Figure 2. Size-Control Strategies.

A) Three classes of size-control strategies—Sizers, Adders and Timers—are distinguished by the correlation they exhibit between size at birth and the amount of growth in the subsequent cell cycle. Sizers show a negative correlation because cells born large need less growth to reach their target size than cells born small. Adders show no correlation because they grow the same amount each cell cycle, regardless of their size at birth. Timers show a positive correlation because (in cells that grow exponentially) larger cells grow faster than smaller cells, thus growing more in the same amount of time. The asterisk indicates that the positive correlation for Timers is only expected if cells grow exponentially; if they grow linearly, no correlation is expected, and the Timer is equivalent to an Adder.

B) The three classes also differ in the kinetics of their return to size homeostasis. Sizers return to their target size in the next generation, unless they are more that two-fold too big, in which case they require multiple divisions to return to their target size. Adders return to their target size more slowly, reducing the difference between their actual size and their target size by half each generation. Timers do not enforce size homeostasis. Instead, cells divide at the size their parent divided, plus or minus any noise in the system. The asterisk indicates that this lack of homeostasis for Timers is only expected if cells grow exponentially; if they grow linearly, the Timer is equivalent to an Adder.

C) Division-protein half life can specify Adder or Sizer mechanisms. At its steady-state concentration, a protein’s synthesis is balanced by its degradation. The time it takes to reach that steady state is proportional to its half life. Shown are two proteins with the same steady-sate level, but different half lives. If a division protein has a long half life, reaching steady state takes a long time and during that time the number of protein molecules is proportional to the amount of growth that has occurred, regardless of size. Such division-protein expression kinetics create an adder mechanism. If the division protein instead has a short half life, it comes quickly to a steady-state concentration, independent of the amount of growth. In this case, the number of molecules is proportional to cell size, as required for a sizer mechanism.

D) One class of mechanisms for Sizers is size-dependent expression of a sizer protein. Two potential sizer-protein mechanisms are the Diluted Inhibitor and the Accumulating Activator.
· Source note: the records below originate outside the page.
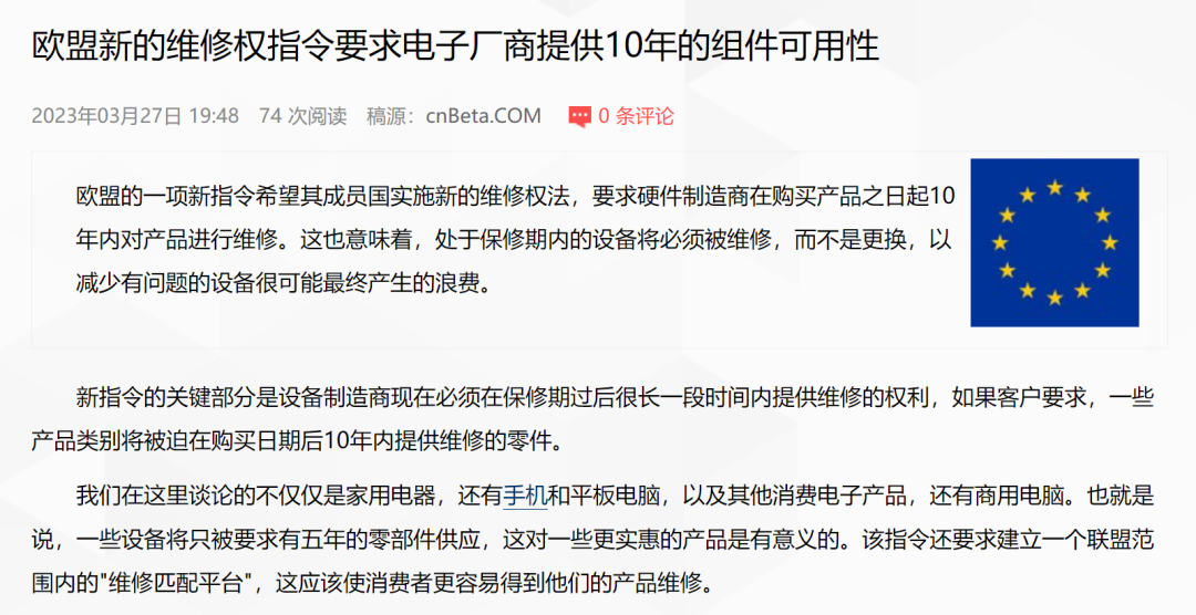 不过话又说回来,除了要求厂商延长产品的维修期限外,欧盟的这套法案其实还提出了一些鼓励旧设备再利用的措施,其中几条还挺有可取之处。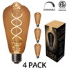 - A pack of 4 large, clear glass ST64 Edison bulbs with visible double helix LED filaments emitting warm white light, four bulbs total, E26 base – Dimmable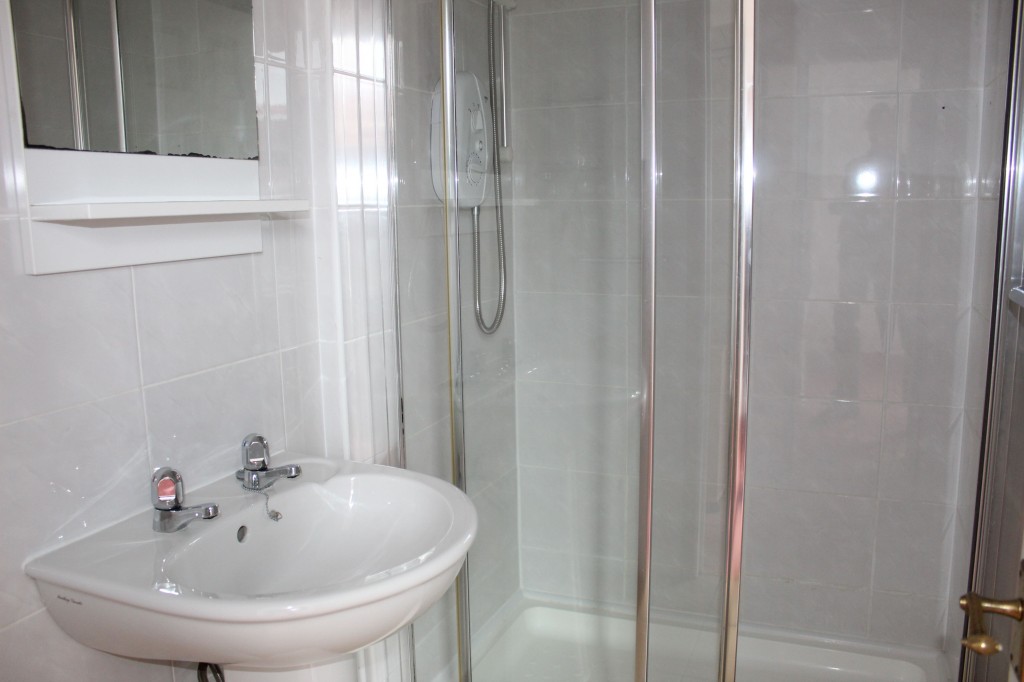 Pedestal wash basin, shower tray with wall mounted electric shower and screen door, extractor fan, fully tiled surround.

In a diluted-inhibitor model, a constant amount of the inhibitor is produced at the beginning of the cell cycle, regardless of cell size. As the cell grows, the concentration of the inhibitor is diluted until a threshold is reached and the cell cycle can proceed. Because all cells start with the same amount of the inhibitor, they all reach the threshold at the same size. In an accumulating-activator model, the activator is expressed at a size-dependent concentration. When cells are small, insufficient activator is present for cell-cycle progression. As cells grow, the concentration of the activator increases until it bypasses a threshold for the cell cycle to proceed. The diluted inhibitor is depicted as regulating G1/S and the accumulating activator is depicted as regulating G2/M, as they are proposed to do in budding and fission yeast, respectively; however, either mechanism could regulate either transition. Moreover, although the diluted inhibitor and accumulating activator are shown on the same graph, they are not expected to operate concurrently in the same cell.
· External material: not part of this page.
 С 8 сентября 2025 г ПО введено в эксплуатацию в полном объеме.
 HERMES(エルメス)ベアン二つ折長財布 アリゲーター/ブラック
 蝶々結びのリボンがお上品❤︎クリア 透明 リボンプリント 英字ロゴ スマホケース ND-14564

Adder models posit that cells grow a fixed amount each cell cycle (Figure 2A). That fixed amount is one half the cell’s target size. So, a cell born at one half its target size will divide at its target size. If a cell is born too big, it will also divide too big; however, it will be closer to its target size than its parent. Likewise, a cell born small will divide small, but closer to its target size. Adders cause individual lineages of cells to return to their target size asymptotically (Figure 2B), but nonetheless maintain size homeostasis in a population. Moreover, adders cause cells to pass regulated cell cycle transitions at a constant target size, on average. So, adder size control, which seems to be the dominant approach to size control in bacteria, and perhaps also in archaea, is consistent with the observation that bacteria initiate DNA replication at a constant cell size, on average. Adders differ from sizers in that they do not allow cells to know how big they are, only how much they have grown.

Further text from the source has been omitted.